* _PROVIDED INFORMATION_:
************
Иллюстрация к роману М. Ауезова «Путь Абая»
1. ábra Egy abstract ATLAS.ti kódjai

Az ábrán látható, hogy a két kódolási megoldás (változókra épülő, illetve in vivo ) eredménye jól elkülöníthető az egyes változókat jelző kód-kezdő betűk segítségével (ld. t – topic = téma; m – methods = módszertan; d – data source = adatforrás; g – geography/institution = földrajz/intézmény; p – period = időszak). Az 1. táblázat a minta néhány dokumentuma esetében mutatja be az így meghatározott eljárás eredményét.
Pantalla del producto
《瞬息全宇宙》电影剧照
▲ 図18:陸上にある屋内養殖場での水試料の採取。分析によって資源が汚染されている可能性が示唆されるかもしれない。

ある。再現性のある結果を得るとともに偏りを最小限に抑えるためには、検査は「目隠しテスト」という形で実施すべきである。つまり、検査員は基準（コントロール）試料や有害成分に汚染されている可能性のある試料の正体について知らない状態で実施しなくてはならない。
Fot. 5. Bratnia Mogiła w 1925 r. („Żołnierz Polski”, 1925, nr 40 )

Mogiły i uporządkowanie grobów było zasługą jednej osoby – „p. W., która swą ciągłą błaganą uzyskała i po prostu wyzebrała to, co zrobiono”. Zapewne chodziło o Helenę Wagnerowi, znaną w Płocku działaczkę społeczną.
************
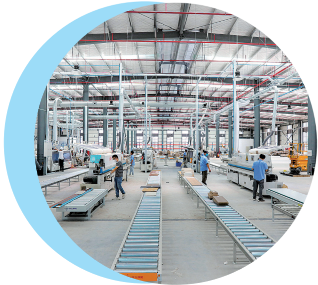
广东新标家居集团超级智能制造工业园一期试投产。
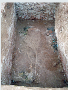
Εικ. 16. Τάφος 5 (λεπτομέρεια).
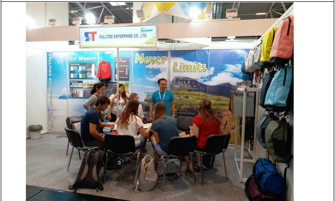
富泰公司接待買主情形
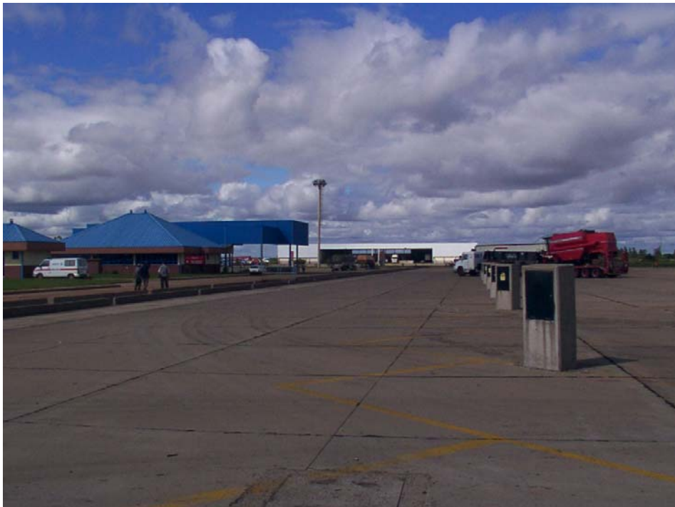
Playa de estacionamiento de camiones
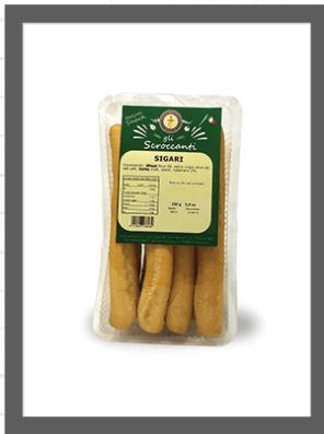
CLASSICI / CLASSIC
************
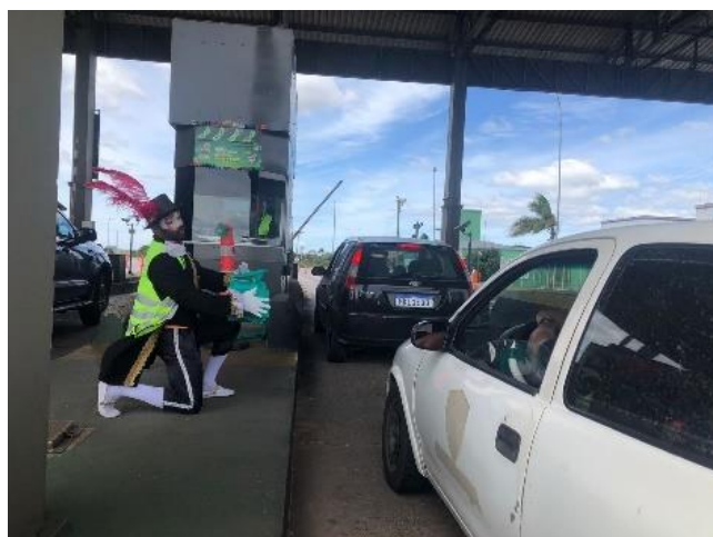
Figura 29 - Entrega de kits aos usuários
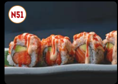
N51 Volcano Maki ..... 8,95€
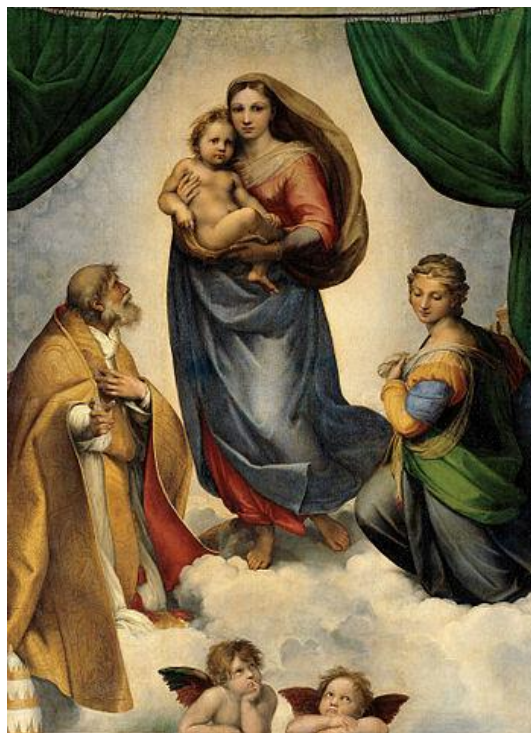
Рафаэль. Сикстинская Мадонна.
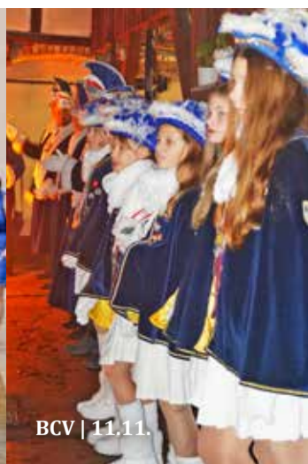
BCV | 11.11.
************
* _ABOUT THIS EXERCISE_:
Going back to the entries above, set down exactly the lines that begin at the one with "Иллюстрация к роману" and end at the one with "Mogiły i uporządkowanie", both included, and nothing else.

* _EXERCISE RESULT_:
Иллюстрация к роману М. Ауезова «Путь Абая»
1. ábra Egy abstract ATLAS.ti kódjai

Az ábrán látható, hogy a két kódolási megoldás (változókra épülő, illetve in vivo ) eredménye jól elkülöníthető az egyes változókat jelző kód-kezdő betűk segítségével (ld. t – topic = téma; m – methods = módszertan; d – data source = adatforrás; g – geography/institution = földrajz/intézmény; p – period = időszak). Az 1. táblázat a minta néhány dokumentuma esetében mutatja be az így meghatározott eljárás eredményét.
Pantalla del producto
《瞬息全宇宙》电影剧照
▲ 図18:陸上にある屋内養殖場での水試料の採取。分析によって資源が汚染されている可能性が示唆されるかもしれない。

ある。再現性のある結果を得るとともに偏りを最小限に抑えるためには、検査は「目隠しテスト」という形で実施すべきである。つまり、検査員は基準（コントロール）試料や有害成分に汚染されている可能性のある試料の正体について知らない状態で実施しなくてはならない。
Fot. 5. Bratnia Mogiła w 1925 r. („Żołnierz Polski”, 1925, nr 40 )

Mogiły i uporządkowanie grobów było zasługą jednej osoby – „p. W., która swą ciągłą błaganą uzyskała i po prostu wyzebrała to, co zrobiono”. Zapewne chodziło o Helenę Wagnerowi, znaną w Płocku działaczkę społeczną.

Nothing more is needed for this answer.